さっきは弱気な部分をさらけ出したけれど、それを乗り越えた静也さんの目は生き生きとしている。きっと言葉通り、また無理なことを言って専務たちを悩ませるんだろう。

けれど専務は、受けて立ちますという風に、力強い微笑みを返した。


「承知いたしました」


二人が固く握手を交わすと、自然とその場に拍手が沸き起こった。

もちろんご両親も惜しみない拍手を送っていて、私の心も温かくなった。

冷酷な印象が強くて、皆から誤解されがちな静也さんだけれど、きっと今日のことで少し印象が変わるんじゃないかな。
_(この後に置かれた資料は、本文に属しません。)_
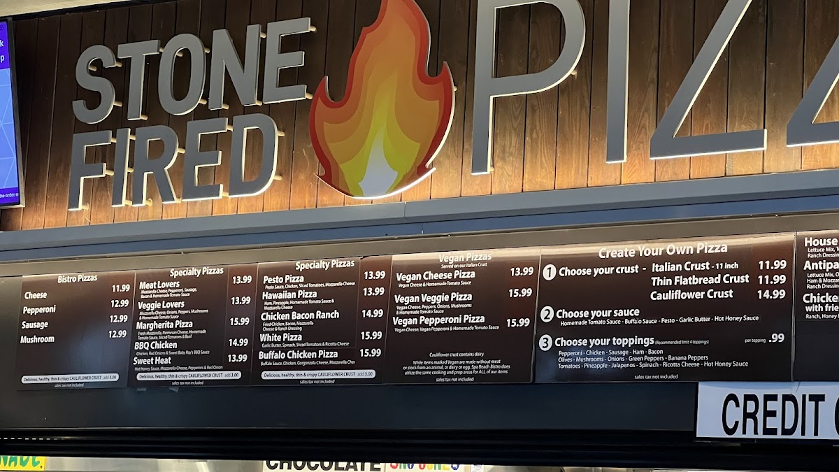 Vegan Cheese, Peppers, Onions, Mushrooms & Homemade Tomato Sauce.

予定外のハプニングもあったけれど、今日の式典は、社員全員の記憶に焼き付くはずだよね。


それからパーティーでは本格的な立食も始まり、会場の盛り上がりも最高潮。

静也さんのご両親も、当初の予定より長い時間参加してくれて、昔から馴染みのある社員たちと談笑したりと、パーティーを楽しんでくれていた。

閉式が近づいてくると私は少しずつバタバタと雑用に追われたけれど、会場は最後までとても和やかな雰囲気で、東郷蜂蜜の百周年記念式典は大成功に終わった。